We have no confidence that this is anything close to the final answer. A panel within the Fifth Circuit is currently evaluating the merits of the constitutional arguments raised by the plaintiffs in their challenge to the enforceability of the Corporate Transparency Act. Until it is completed, however, the court has determined that the injunction should remain in effect. The court’s review remains on an expedited schedule, meaning that the situation may change again (perhaps multiple times) in the next several days or weeks.
We will continue to monitor and provide updates as new information becomes available. If you have further questions about how the Corporate Transparency Act may affect your business, please contact Scott Calhoun. You can e-mail Scott by clicking here.
12-26-2024 HPSS NEWS ANNOUNCEMENT
Filing Deadline Under Corporate Transparency Act Extended
In light of the Fifth Circuit's decision on December 23 that overturned the nationwide injunction which the lower Federal Court had issued halting the requirement for existing small businesses to file Beneficial Ownership Reports under the Corporate Transparency Act, the filing deadline has been extended until January 13.
We will continue to monitor and provide updates as new information becomes available. If you have further questions about how the Corporate Transparency Act may affect your business, please e-mail Scott Calhoun by clicking here.
12-23-2024 HPSS NEWS ANNOUNCEMENT
Corporate Transparency Act Injunction Overturned
In yet another twist to this story, the Fifth Circuit on December 23 overturned the nationwide injunction which the lower Federal Court had issued halting the requirement for existing small businesses to file Beneficial Ownership Reports under the Corporate Transparency Act. Effectively, this means that all filing deadlines are back in place, and any U.S. small business which is not exempt is again required to comply with the filing requirements put in place by FinCEN.
As we noted in our most recent update, the entire situation remains in flux. The plaintiffs in the current case may file further appeals, some of which could seek emergency relief. Earlier litigation remains ongoing, and several other appeals are currently pending. FinCEN could provide some temporary relief by offering an extension of some filing requirements, although there has been no clear indication that this might take place. In short, businesses need to assume that the filing requirements are in place and that the January 1 deadline remains applicable.
We will continue to monitor and provide updates as new information becomes available. If you have further questions about how the Corporate Transparency Act may affect your business, please e-mail Scott Calhoun by clicking here.
12-18-2024 HPSS NEWS ANNOUNCEMENT
HPSS Law Opens Lehigh Valley, Pennsylvania Office
Hendrick, Phillips, Salzman & Siegel, P.C. is pleased to announce the opening of its Lehigh Valley office located in Allentown, Pennsylvania. HPSS Law is excited to join the thriving community of construction professionals in the Lehigh Valley and is looking forward to contributing to the continuing growth and success of the industry in the region.

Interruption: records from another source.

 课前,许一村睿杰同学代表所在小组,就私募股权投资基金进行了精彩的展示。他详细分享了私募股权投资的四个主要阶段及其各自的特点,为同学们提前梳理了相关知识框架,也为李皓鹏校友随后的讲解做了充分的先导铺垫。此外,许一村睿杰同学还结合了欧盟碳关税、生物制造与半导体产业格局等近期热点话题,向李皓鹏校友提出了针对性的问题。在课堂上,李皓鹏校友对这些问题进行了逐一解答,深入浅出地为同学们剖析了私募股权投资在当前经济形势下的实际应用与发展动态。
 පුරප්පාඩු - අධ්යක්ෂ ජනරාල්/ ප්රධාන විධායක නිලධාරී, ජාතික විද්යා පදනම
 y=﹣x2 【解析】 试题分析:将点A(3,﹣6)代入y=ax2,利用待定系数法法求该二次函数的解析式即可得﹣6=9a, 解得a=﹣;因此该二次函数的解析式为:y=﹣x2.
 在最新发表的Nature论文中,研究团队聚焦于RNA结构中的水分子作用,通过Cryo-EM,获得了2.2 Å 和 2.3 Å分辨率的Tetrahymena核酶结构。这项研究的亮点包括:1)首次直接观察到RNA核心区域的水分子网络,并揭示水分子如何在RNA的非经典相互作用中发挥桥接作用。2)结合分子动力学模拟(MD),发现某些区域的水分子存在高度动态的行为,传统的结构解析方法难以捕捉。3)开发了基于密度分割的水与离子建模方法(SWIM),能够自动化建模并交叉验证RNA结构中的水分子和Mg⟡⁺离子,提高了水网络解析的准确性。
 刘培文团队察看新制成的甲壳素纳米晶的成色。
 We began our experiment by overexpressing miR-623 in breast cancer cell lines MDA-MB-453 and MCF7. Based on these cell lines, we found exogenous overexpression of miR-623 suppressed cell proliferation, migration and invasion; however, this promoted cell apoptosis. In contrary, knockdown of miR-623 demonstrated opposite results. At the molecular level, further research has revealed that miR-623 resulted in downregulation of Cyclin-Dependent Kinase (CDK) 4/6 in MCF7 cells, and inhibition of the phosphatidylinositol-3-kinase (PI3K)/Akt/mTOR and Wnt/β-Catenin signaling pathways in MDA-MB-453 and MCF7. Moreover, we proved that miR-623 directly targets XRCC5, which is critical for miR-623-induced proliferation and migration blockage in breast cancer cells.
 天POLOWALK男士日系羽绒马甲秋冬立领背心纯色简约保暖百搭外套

HPSS Law’s Lehigh Valley office is being led by J.T. Gallagher, a partner and shareholder in the firm. J.T. got his start in construction in high school working as a plumber’s helper for an Allentown-based mechanical contractor and has been working in various roles in the industry ever since. After practicing out of the firm’s Atlanta, Georgia office for several years, J.T., his wife, Stephanie, and their three boys moved back to J.T’s hometown, Macungie, Pennsylvania. J.T. believes that the Lehigh Valley is the ideal place to raise a family, build community, and thrive in new ventures. J.T. is excited to bring HPSS Law’s wealth of construction industry experience, knowledge, and expertise to contribute to the success of the flourishing construction industry in Eastern Pennsylvania.

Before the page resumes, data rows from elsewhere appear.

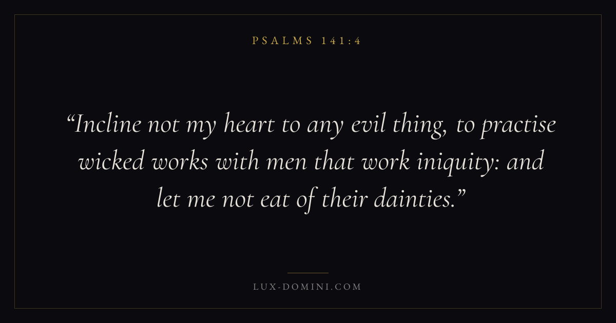 Incline not my heart to any evil thing, to practise wicked works with men that work iniquity: and let me not eat of their dainties.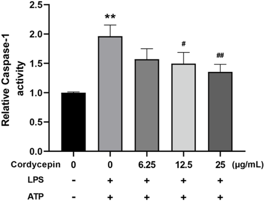 Cordycepin effects on caspase-1 activity in LPS/ATP-treated RAW264.7 macrophages. Compared to sham group, **p < 0.01; compared to LPS-only group, #p < 0.05; ##p < 0.01. n = 3 per group.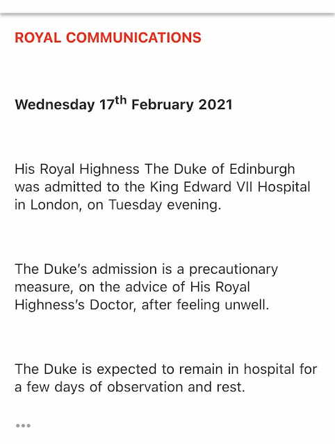 HRH Prince Philip, Duke of Edinburgh, was admitted to King Edward VII Hospital in London yesterday evening. Born on 10 June 1921, the duke is ninety-nine years-old. The Duke of Edinburgh is expected to remain in hospital for a number of days.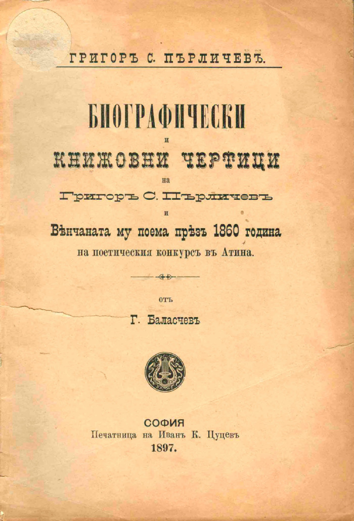 Биографически и книжовни чертици на Григоръ С. Пърличевъ, и Вѣнчаната му поема прѣзъ 1860 година на поетическия конкурсъ въ Атина отъ Георги Баласчевъ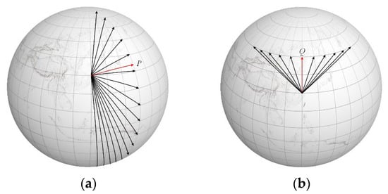 As shown in Figure 4a, taking the Eastern Hemisphere as an example, when the starting point of the geodetic line is fixed and the longitude difference to the endpoint is determined, the endpoint trajectory forms a meridian. On this meridian, there always exists a specific point P. When this point is the endpoint of the geodetic line, the geodetic line is perpendicular to the meridian at this point. At this time, the geodetic azimuth angle from the endpoint to the starting point is taken as 270° (when the longitude difference from the endpoint to the starting point is positive) or 90° (when the longitude difference is negative), referring to the definition of the shortest distance from a point to a line on an ellipsoidal surface from reference [31]. The geodetic line with point P as the endpoint is the shortest in the cluster of geodetic lines with fixed starting points and determined longitude differences. Furthermore, if the endpoint moves south or north along the meridian from point P, the length of the geodetic line always tends to increase; as shown in Figure 4b, when the starting point of the geodetic line is fixed and the latitude difference to the endpoint is determined, the length of the geodetic line always tends to increase with the increase in the longitude difference from the starting point to the endpoint. When the endpoint Q is on the same meridian as the starting point, this geodetic line is the shortest in the cluster of geodetic lines with a fixed starting point and determined latitude difference.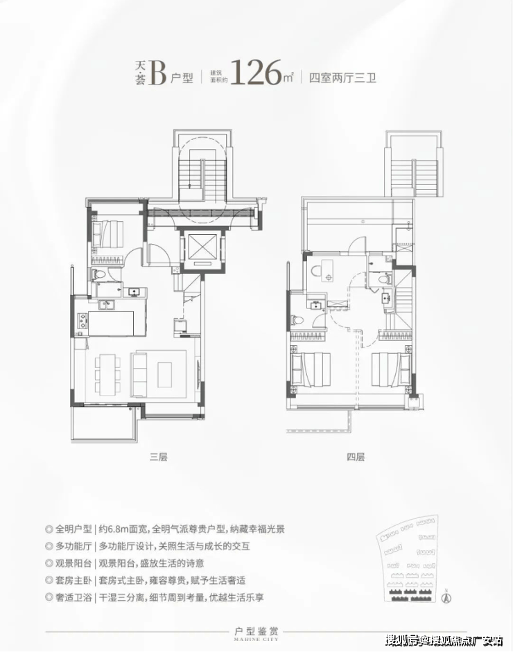 特别是这个E户型,建面仅约90㎡对于想住叠加但预算有限的购房者来说面宽约6.45米,上下动静分离带是个不错的选择!

HPSS Law’s Lehigh Valley office is located at 6081 Hamilton Blvd, Suite 600, Allentown, PA 18106. For more information about HPSS Law or to inquire about legal services in Eastern Pennsylvania, please visit HPSS Law’s website at www.hpsslaw.com, email J.T. Gallagher at jtg@hpsslaw.com, or call our Lehigh Valley office at 610-484-4459.
Corporate Transparency Act Filings Enjoined
You will recall our update in January on the filing requirements under the Corporate Transparency Act, which were implemented effective January 1, 2024. As we discussed then, the Corporate Transparency Act aims to combat illicit activity including tax fraud, money laundering, and financing for terrorism by capturing more ownership information for specific U.S. businesses operating in or accessing the country’s financial markets. Under the legislation, businesses that meet certain criteria are required to submit a Beneficial Ownership Information (BOI) Report to the U.S. Department of Treasury’s Financial Crimes Enforcement Network (FinCEN), providing details identifying individuals who are associated with the reporting company.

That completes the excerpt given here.